We're trying to use the EventLogging schemas to create Hive tables. In order to do this, the latest schema revisions must be backwards compatible with previous ones. Backwards compatibility basically means that you are only ever allowed to add optional fields. I just updated https://wikitech.wikimedia.org/wiki/Analytics/Systems/EventLogging/Schema_Guidelines to make this restriction more visible.
I've ran into several cases where people have added required fields to schemas. This is preventing the Hive importer from using the latest schema to read old data.
If there are any producers of event data that still use the old schemas, we won't be able to import this data into Hive. To do so, we need to make sure that the latest schema for each of these is compatible with all schema revisions that are currently being used to produce events. This means that we'll need to re-add removed fields, and change any added required fields to non-required.
(This list might not be comprehensive. I just looked at the recent history of schemas that I encountered errors with and found these changes.)
- MediaViewer - Added required variant
Renaming fields is not allowed. You are removing required fields, and then adding new required fields. This is not backwards compatible!
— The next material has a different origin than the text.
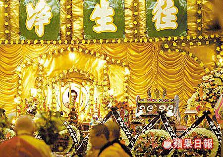 王晶在世界殯儀館的地下租了最大的靈堂為亡母設靈,由於極少數圈中人知悉王晶喪母,所以昨日靈堂所見,圈中人送來的花牌不多,較為搶眼的是文雋夫婦所送的花牌。靈堂外有十多位穿了黑衣的保安把守,而披麻帶孝的王晶,在靈堂表現一直是很平靜和堅強。

- TestSearchSatisfaction2 - added required isForced
- MobileWikiAppEdit - added required source
- MobileWikiAppSessions - added required is_anon, event_dt, etc.
added required fields, ts, appInstallId, synced etc.:
- MobileWikiAppLangSelect -
- MobileWikiAppToCInteraction - Ah! The most egregious offense! Type changes are definitely not allowed! :p
- TestSearchSatisfaction2 - added required uniqueId